フィクション『同族会社を辞め、一から出直しオババが生き延びる方法』

同族会社の情けから脱出し、我が信ずる道を歩む決心をしたオババ。情報の洪水をうまく泳ぎ抜く方法を雑多な人々から教えを乞う。

夏の記憶と残像

2019-10-06 22:17:24 | 美しく生きるという事

パプリカという歌がはやっていて、巷の子どもたちは夢中になって踊っているようです。

私は大人ですので、踊りに夢中というより、

その歌詞や世界観に浸っています。

大人になった、昔の子どもたちが出会ったのは、

自分の生き霊ですね。

子どもたちは楽しそうに遊んでいて、いつの間にか仲良くなった子どもは自分なんですね。

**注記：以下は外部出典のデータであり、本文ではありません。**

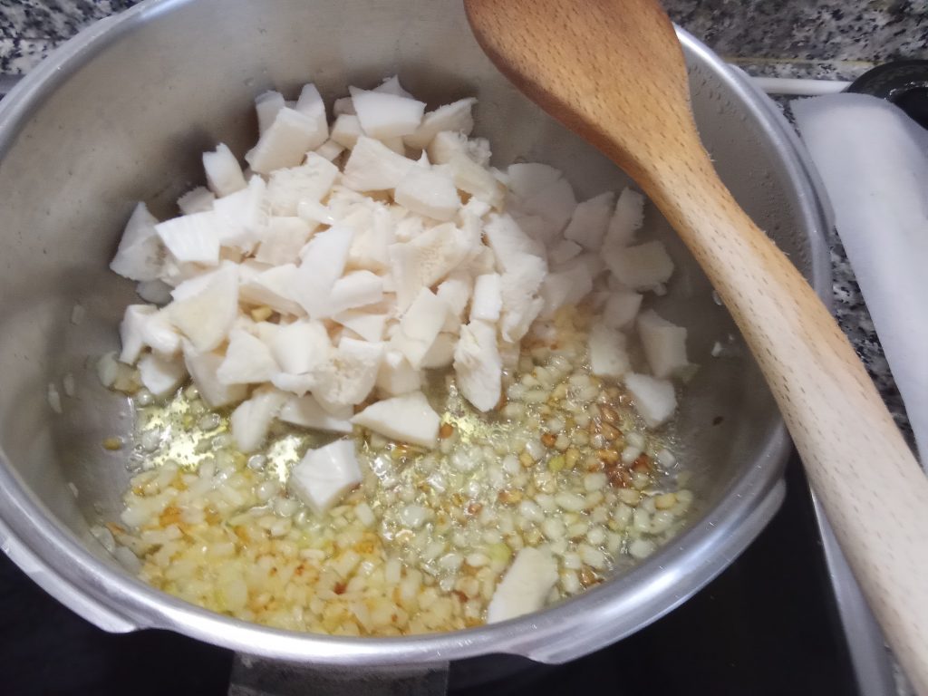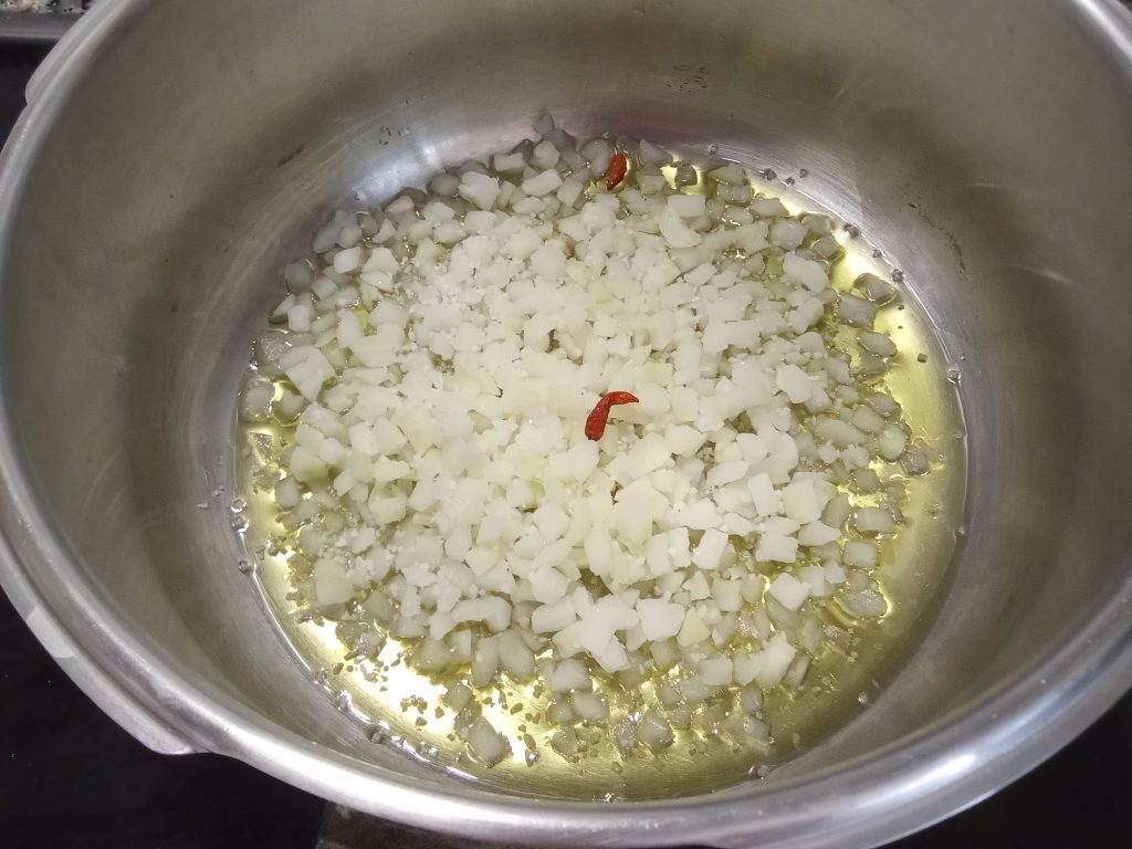 Ponemos en la olla Exprés baja, un poco de aceite y la cebolla troceada, con dos cayenas, dejar refreír unos 5 minutos, vigilar no se queme.

大人になって懐かしくなってその場所を尋ねると、相変わらず子どもの姿をした自分がいました。

 

こないだ近くの公園を散歩していたら、向こうから男性と男の子が歩いてきました。

男の子は野球のユニフォームを着ていて、きっと練習からの帰りと思われます。

男性は男の子に話しかけていました。

「お父さん……するから……」はっきりは聞き取れませんでした。

なんか、優しい言い方でした。

男の子は、肉まんだかあんまんだかをほおばっていて、お父さんの話なんか耳に入っていない様子でした。

若いお父さんでした。

このお父さんはついこないだまで少年だったはずです。

自分がユニフォームを着て練習に行っていたのです。

そしてお父さんと一緒に家に帰ったのです。

それが、今は自分がお父さんになって、息子におやつを買ってやり、一緒に家に帰っているのです。

このお父さんはきっと不思議に感じているでしょう。

こいつは俺だ。俺がおやつをほおばっているんだ。

だけど、自転車を押しているのは自分でした。

俺はいつこんなに大きくなったんだ?

自分が子ども時代の自分とサヨナラするのはきっとさみしいことでしょう。

 

だから、会いたくなります。

そこにいたはずの自分に会いたくなります。

だからみんな会いに行くのです。